# Spanish knife fighting



## XOPC

Hi All!

I wonder if there are any specialists of Spanish knife fighting art. I am from Ukraine, and the art of knife fighting is becoming more and more popular here. 

However knife fighting is mostly represented by a system developed here by karate trainers called tanto-koi, or by a limited amount of moves or drills within uniarmed combat systems, like Kadochnikov Russian Style System.

I myself studied Kadochnikov system for 5 years, and I can say, they really give some very simple and very practical skills relating to working with the knife, but they are all good for a very short-time situation, and in case if the fight keeps longer, they will not work. 

From what I heard about the Spanish knife fighting, it is quite a complex knife fighting system suggesting solutions for any situation. 

I am not sure, whether there are any actual navaja schools in Spain, but as I was told this art is still taught as something commonly known within families in Spain and Mexico, where professional knife fights were held up to 1930's.

Will also appreciate any links to schools or instructors' websites.


----------



## Carol

It's very difficult to say.  I've participated on a Spanish-language forums dedicated to knife enthusiasts, and most of the tales surrounding Navaja fighting are more myth than reality.  Unfortunately there are more than a few people out there that are trying to profit off the some of the tales of Navaja fighting....most have videos and books for sale that are full of unprovable points.    Most Spaniards that I've talked to that have were seriously in to bladed martial arts tended to prefer the Filipino arts for knife fighting and other edged weapon combat skills.  Keep in mind the Philippines were a Spanish colony for over 300 years.

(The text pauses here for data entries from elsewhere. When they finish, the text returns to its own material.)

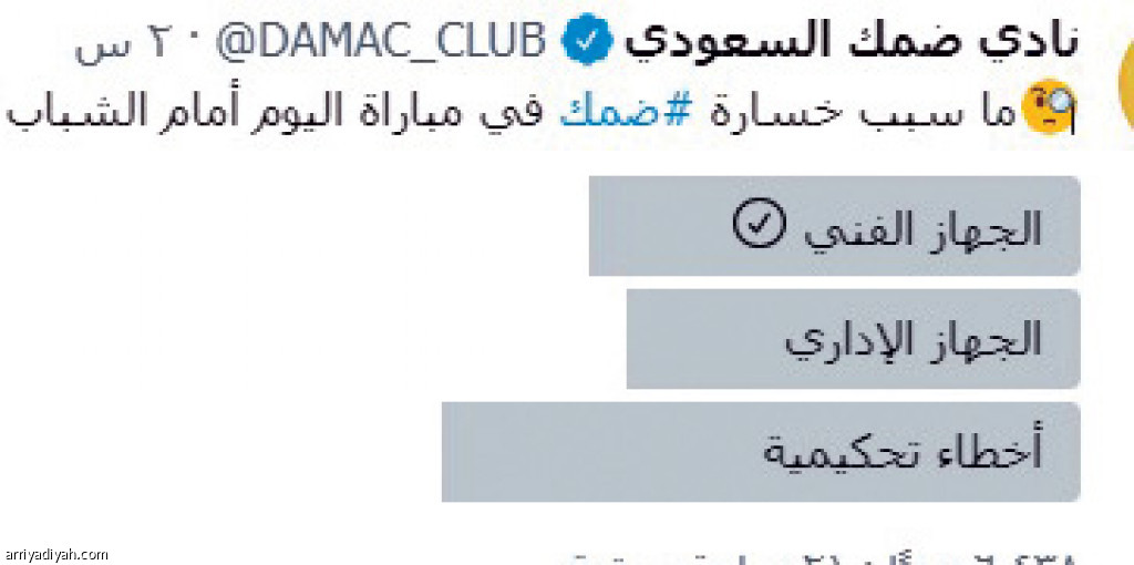 نشر حساب نادي ضمك على موقع التواصل الاجتماعي “تويتر”، استطلاعًا للجماهير حول سبب خسارة الفريق الأول لكرة القدم أمام الشباب، أمس، ضمن الجولة الـ 21 من دوري كأس محمد بن سلمان للمحترفين.
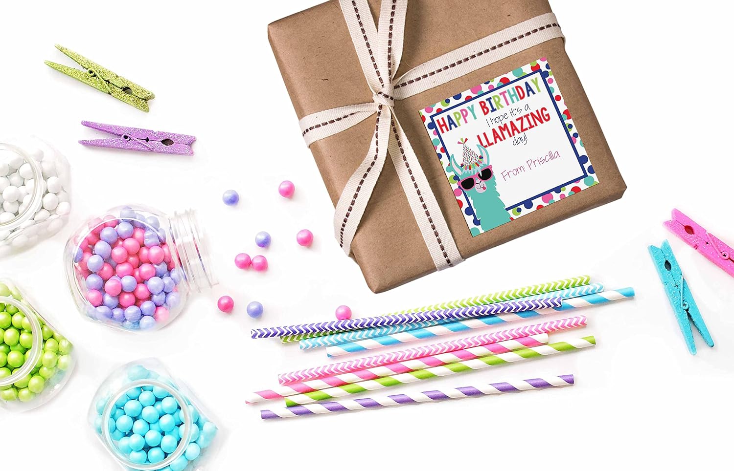 Custom & Personalized Llamazing Llama Happy Birthday Gift Tag Sticker Labels, 24 2.5" Square Stickers by Amanda Creation
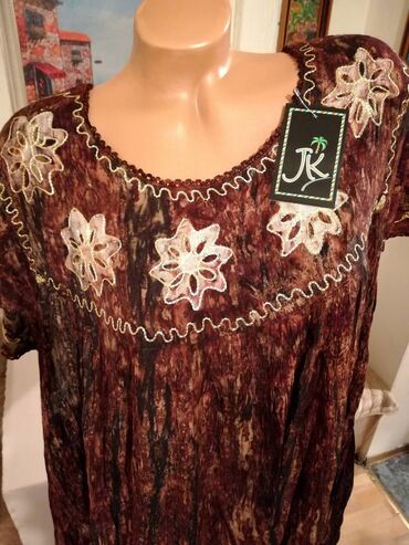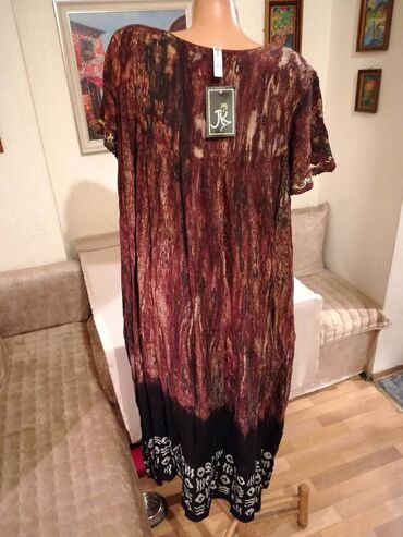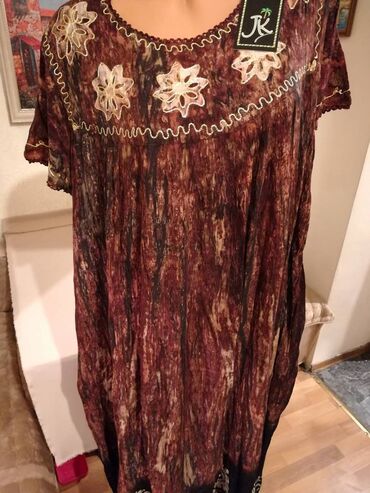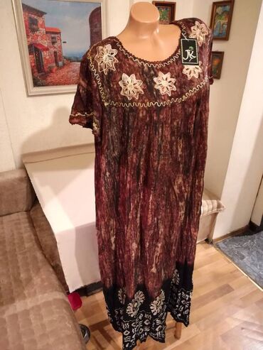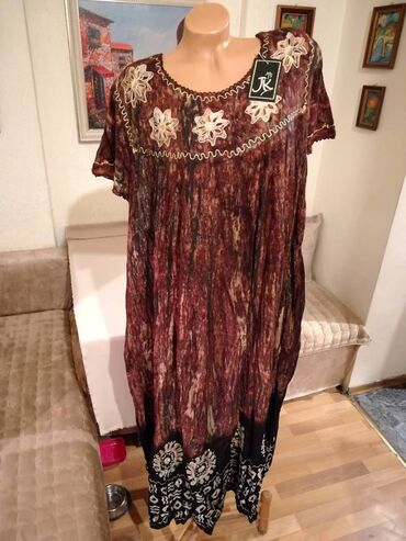 Nova zenska indijska haljina za punije dame Nini. Indijska. Odlicna indijska zenska haljina za punije devojke i dame svih generacija. Vrlo lepog dezena, prijatna za nosenje, uradjena od veoma kvalitetnog materijala. Moze se nositi u svim prilikama. Haljina je uradjena od laganijeg materijala, idealna za svecane prilike. Haljina poseduje zlatni ukrasni vez u formi ruza napred na grudima i ramenima kao i lepu saru pri dnu haljine sa prednje strane. Haljina, takodje, poseduje i dzepove na bokovima. Idealna zenska haljina za svecane i posebne prilike. Indijska haljina za punije dame Nini je nova sa etiketom.

The Navaja was a very unique folding blade.  It was cumbersome to work with and made a very distinct noise when it was open...perhaps so the other other guy would know what was coming.  The traditional Navaja wasn't used as a defensive weapon, it was a dueler's weapon.

That stands in sharp contrast to the modern knife-fighting systems focus on training with blades that are easy...and quiet...to deploy and sheath.  Many are anodized to keep light from reflecting off the blade's surface.

Now, the Spanish word "navaja" simply means a folding blade or pocket knife. Nothing more.

Andalusian Spain maintains their wonderfully rich traditions of blade-making.  The cutlery shops in the area are like nothing else in the world.  The area has some wonderful people with a very rich history.  

Please be careful as you explore this part of martial history.  You will find some amazing artisanship, but within there are also people that make up stories for the chance at some quick cash.  Please be extra extra careful if you do not speak Spanish.

Good luck and stay safe :asian:


----------



## harold

XOPC said:


> Hi All!
> 
> I wonder if there are any specialists of Spanish knife fighting art. I am from Ukraine, and the art of knife fighting is becoming more and more popular here.
> 
> However knife fighting is mostly represented by a system developed here by karate trainers called tanto-koi, or by a limited amount of moves or drills within uniarmed combat systems, like Kadochnikov Russian Style System.
> 
> I myself studied Kadochnikov system for 5 years, and I can say, they really give some very simple and very practical skills relating to working with the knife, but they are all good for a very short-time situation, and in case if the fight keeps longer, they will not work.
> 
> From what I heard about the Spanish knife fighting, it is quite a complex knife fighting system suggesting solutions for any situation.
> 
> I am not sure, whether there are any actual navaja schools in Spain, but as I was told this art is still taught as something commonly known within families in Spain and Mexico, where professional knife fights were held up to 1930's.
> 
> Will also appreciate any links to schools or instructors' websites.


 
I personally have never heard of Navaja.My training in edged weapons has been Filipino which I enjoyed a lot.I have also had the opportunity to see some of Mike Kanarek's Haganah knife work and I enjoyed it also.


----------



## jks9199

You might also want to ask in the Western Martial Arts forum here.  I know we have some very knowledgable people who train in Western martial arts.  I know that there is at least one very complex Spanish dueling style based on the circle and geometry; they may be able to shed some more light.


----------



## XOPC

Thanks everyone for replying.

*Carol*, I also had this feeling, when I was discussing this at our Russian forums, so I decided to chek here, whether I could find anyone, who can tell me something realistic about this style.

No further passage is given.